Are there any discounts or coupons available for the Old Lahaina Luau?  Are there any available for the Feast at Lele?


----------



## LisaRex (Jun 2, 2011)

helen said:


> Are there any discounts or coupons available for the Old Lahaina Luau?  Are there any available for the Feast at Lele?



I've never found one for the OLL.


----------



## chriskre (Jun 2, 2011)

There are some luau coupons on ebay but I didn't see the one you're looking for but it might pop up.  

Maybe try restaurant.com or entertainment.com


----------



## carolbol (Jun 2, 2011)

The only one we know of is a military discount........I believe you need to book directly.  I think it is 10%.........must have an active card, one that can get you on base..............


----------



## chriskre (Jun 2, 2011)

Maybe if you do a TS tour they might have free tickets.  :rofl:


----------



## helen (Jun 4, 2011)

Thanks for the suggestions.  I tried entertainment.com and restaurant.com.  No coupons there.


----------



## rickandcindy23 (Jun 4, 2011)

I have never seen a discount for Old Lahaina, but they did give Rick a T-shirt that he wears quite a bit. 

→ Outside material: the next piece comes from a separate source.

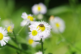 I'm sure you can guess where this story is going. I did not find the caterpillar. I looked all up and down the meadow path, on both sides, looking for that big, brown caterpillar. There's nothing much blooming in the meadow right now, so it's a sea of green, and the caterpillar did stand out a bit (but not enough to keep me from walking right by without seeing it the first time!), so I figured it would be easy to find, but it wasn't there anymore. Either it walked away into the mass of greenery in that meadow, or something ate it. Anyway, as I was looking for the caterpillar I found lots of other bugs, and almost my entire bug photography collection for today was taken in that meadow, probably not even 50 feet of path lined on both sides by walls of green. It was a pretty impressive collection of bugs for such a small space, and I didn't even get pictures of most of them. But here's what I got...

Old Lahaina Luau doesn't have to work with the timeshare developers, because they seem to pack the show every night.  We tried Royal Lahaina Luau with a discount for a timeshare presentation, and the food was blah, but the show was good.  The alcohol was good too.  But the grounds were not anything like Old Lahaina.  Old Lahaina gives each guest a fresh flower lei, and most of the others give cheap shell bead leis, like those free ones you get at Hilo Hattie, every time you walk in the door.


----------



## carolbol (Jul 25, 2011)

We were told that the only discounts that are given are for active military personel with valid and current ID.  if you do qualify, you need to book directly with The Old Lahaina Luai by calling them direct.


----------